Personal information
- Full name: Paul Édouard Mathaux
- Date of birth: 19 February 1888
- Place of birth: Boulogne-sur-Mer, France
- Date of death: 18 September 1966 (aged 78)
- Place of death: Ivry-sur-Seine, France
- Position: Forward

Senior career*
- Years: Team / Apps / (Gls)
- 1904–1912: US Boulogne
- 1912–1924: OSC Boulogne

International career
- 1908–1913: Northern France / 2 / (0)
- 1908: France / 4 / (0)
- 1908: France B / 1 / (0)

= Paul Mathaux =

French footballer

Paul Édouard Mathaux (19 February 1888 – 18 September 1966) was a French footballer who played as a forward for US Boulogne and the French national team between 1904 and 1914. He also competed in the football tournament at the 1908 Summer Olympics in London, doing so as a member of the France B squad.

==Early life==
Paul-Édouard Mathaux was born in Boulogne-sur-Mer on 19 February 1888, as the son of a grocer with a shop window at 2 rue de Lille, and Mathaux himself would later become a grocer as well, in Boulogne first, but also later in the 14th arrondissement of Paris. Paul was a constant in the family, with the second name was used to distinguish them; for instance, his father was called Paul-Clément, his brother Robert-Paul, and his son would be called Paul-Jean.

==Playing career==
Just like his older brother Robert-Paul, he began his football career at US Boulogne, establishing himself as a regular in 1905. In 1906, he was described as follows: "Has only been playing in the first team for a year; makes progress every day, gets on very well with his winger, has an excellent shot, but lacks a little speed". A left-sided centre, Mathaux is more of a passer than a scorer, therefore the antithesis of the "dribbling game" player so widespread at the time.
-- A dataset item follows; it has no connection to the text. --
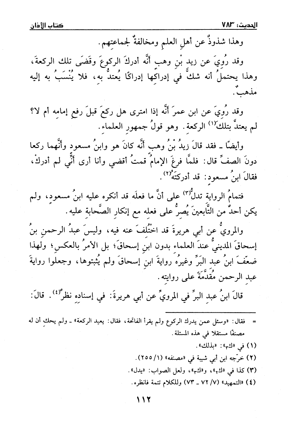 وقد روي عن زيد بن وهب، أنه أدرك الركوع وقضى تلك الركعة، وهذا يحتمل أنه شك في إدراكها إدراكاً يعتد به، فلا ينسب به إليه مذهب.

The US Boulogne's football pitch, called the Moulin Wibert, was perched on top of a cliff, thus being both steep and exposed to all the winds. At the time, Northern France had two separate regional championships: the land and the maritime, whose winners were opposed in a final, and Boulogne therefore usually played against Dunkerque FC and its main rivals RC Calais in the maritime championship, and then only met RC Roubaix or US Tourcoing in the regional final, which they lost regularly. Basically, Boulogne, Calais, and Dunkirk played in a closed environment, so international football was far from their concerns, but his performance for the Northerners in the Paris-Nord meeting of 1908, which served as annual test matches for the French national team, convinced France's head coach, the Northerner André Billy, to give him a chance in a friendly match against Switzerland in Geneva on 8 March 1908, helping his side to a 2–1 win. His next four appearances, however, were dreadful, including a 0–12 loss to England amateurs and a humiliation at the 1908 Olympic Games against Denmark (0–9). Mathaux, who never played in the French championship because his club was never champion of the North, earned five consecutive caps for France, losing four and not making a single goal nor assist.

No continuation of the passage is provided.